----- DATA SECTION -----

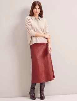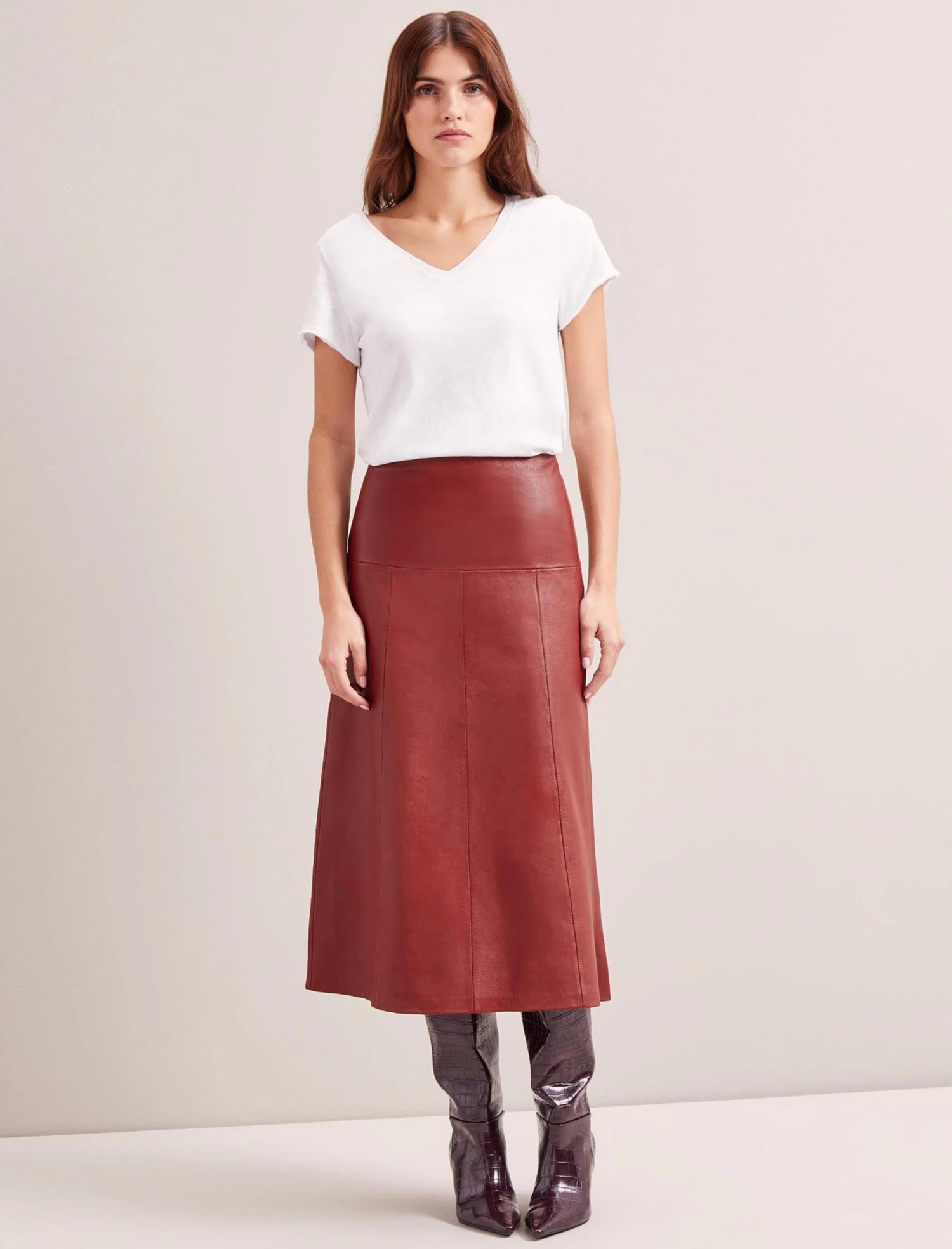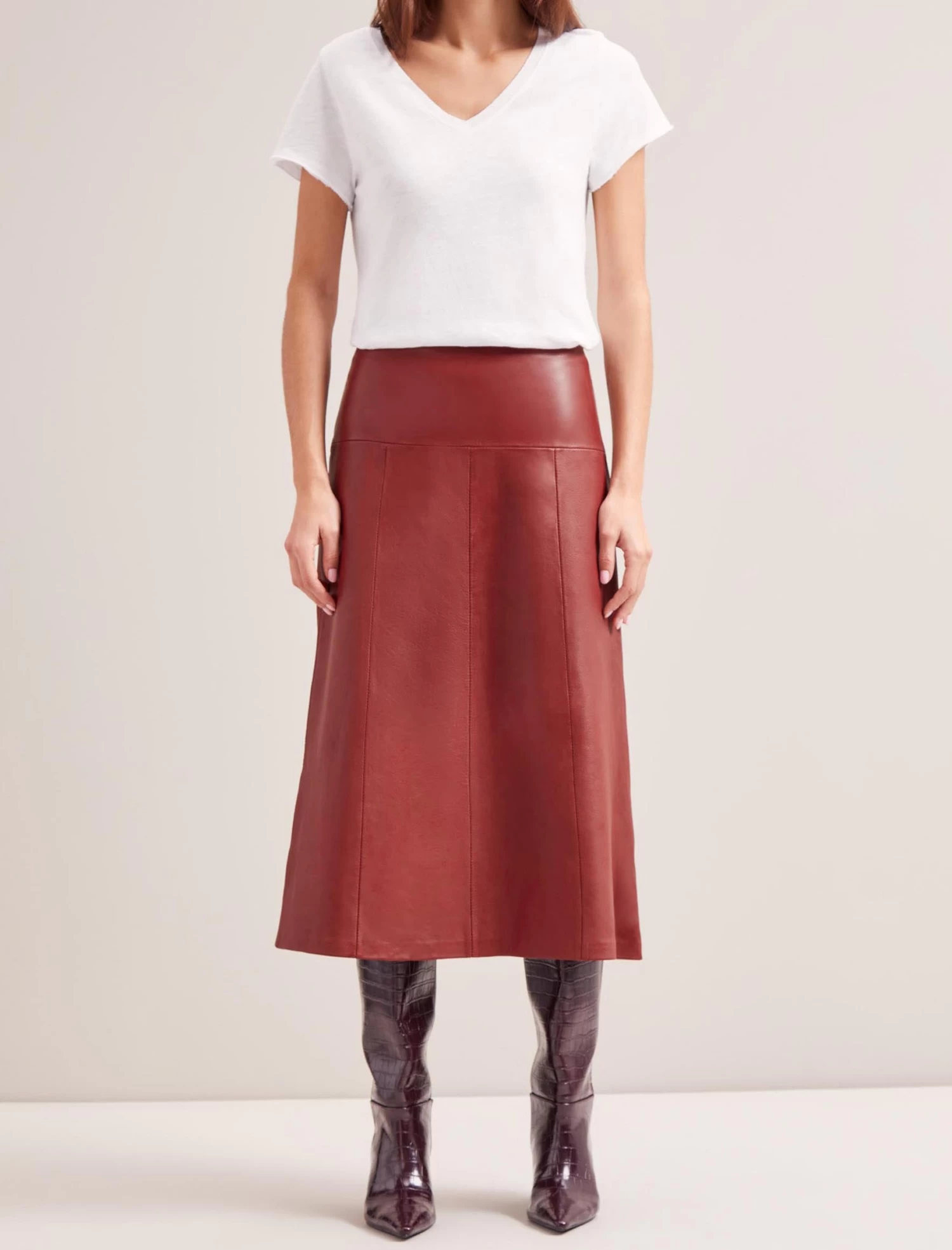 Classic, sleek and perennially stylish, our panelled butter-soft Tiana leather skirt will be one of the most versatile pieces in your wardrobe this season. Paired with a crisp white blouse or our Stella shirt and a sharp boot or point, it makes 9-5 dressing a breeze. Play to its rebellious side on downtime days with a box-fresh trainer, a vintage rock tee and undone hair.
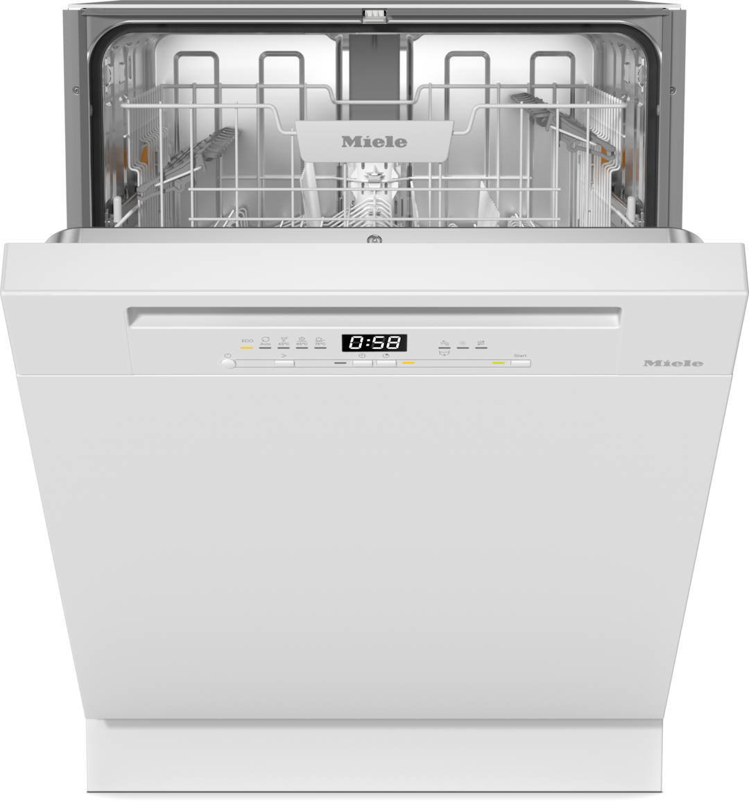 - Dank Startvorwahl können Sie den Spülbeginn bis zu 24 h im Voraus bestimmen
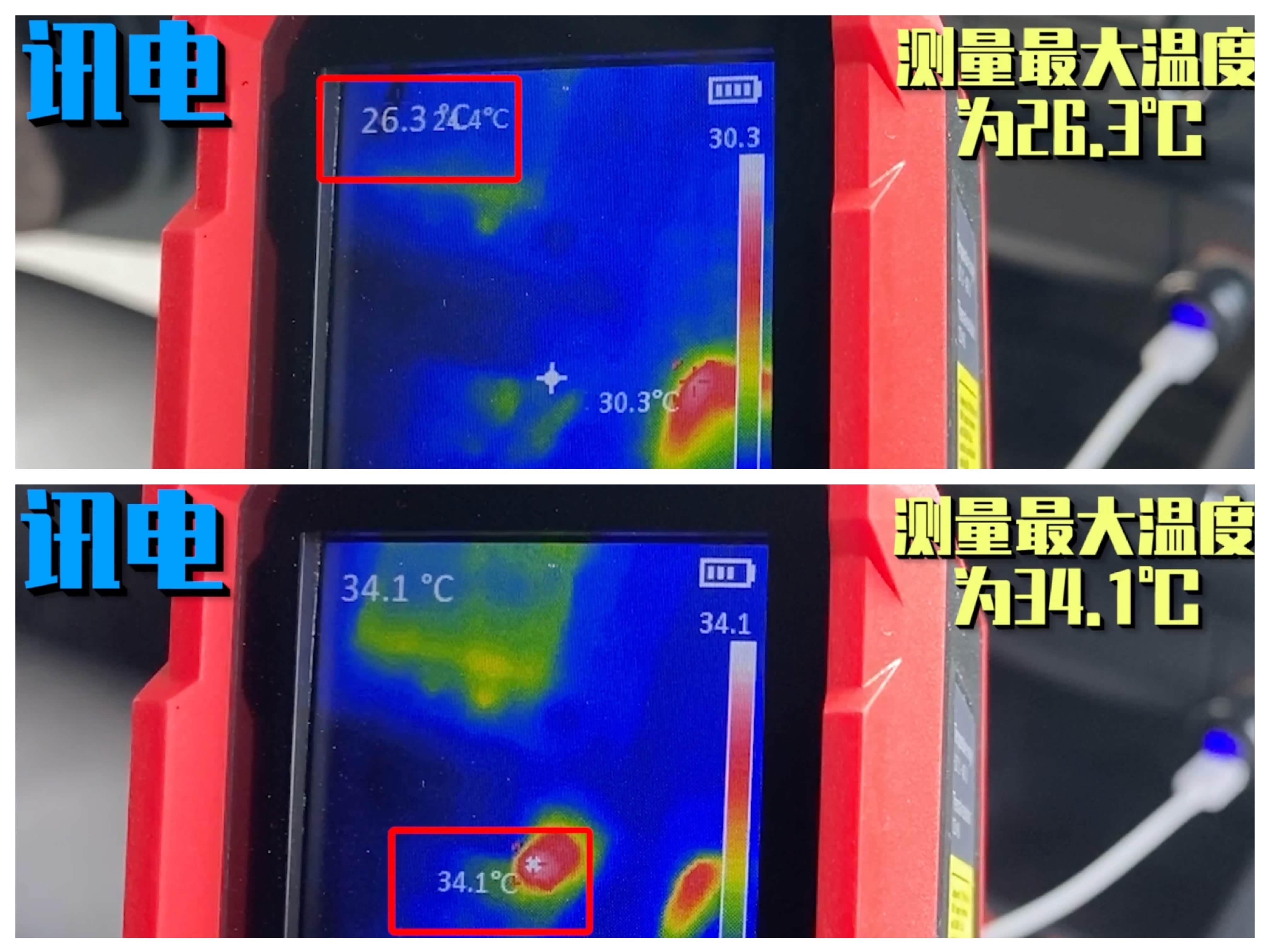 这里我要补充一点的是,这个热成像仪是带高低温追踪的,所以我只需要读取这个测量仪追踪的最高温度即可。
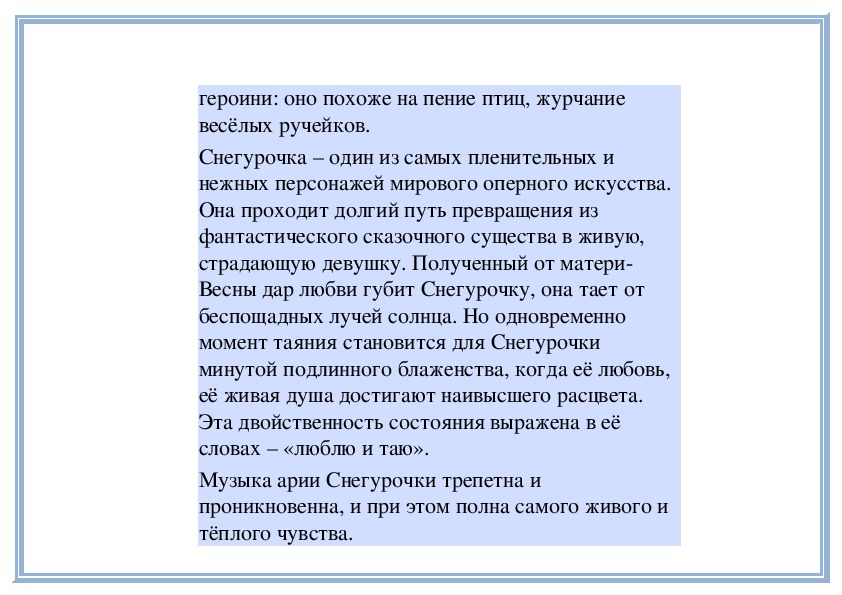 передаёт? Объясните на примере арии Снегурочки

-----

All of the data above should be quoted exactly, except for the pictures.

▸ OUTPUT FOR THIS EXERCISE:
 Classic, sleek and perennially stylish, our panelled butter-soft Tiana leather skirt will be one of the most versatile pieces in your wardrobe this season. Paired with a crisp white blouse or our Stella shirt and a sharp boot or point, it makes 9-5 dressing a breeze. Play to its rebellious side on downtime days with a box-fresh trainer, a vintage rock tee and undone hair.
 - Dank Startvorwahl können Sie den Spülbeginn bis zu 24 h im Voraus bestimmen
 这里我要补充一点的是,这个热成像仪是带高低温追踪的,所以我只需要读取这个测量仪追踪的最高温度即可。
 передаёт? Объясните на примере арии Снегурочки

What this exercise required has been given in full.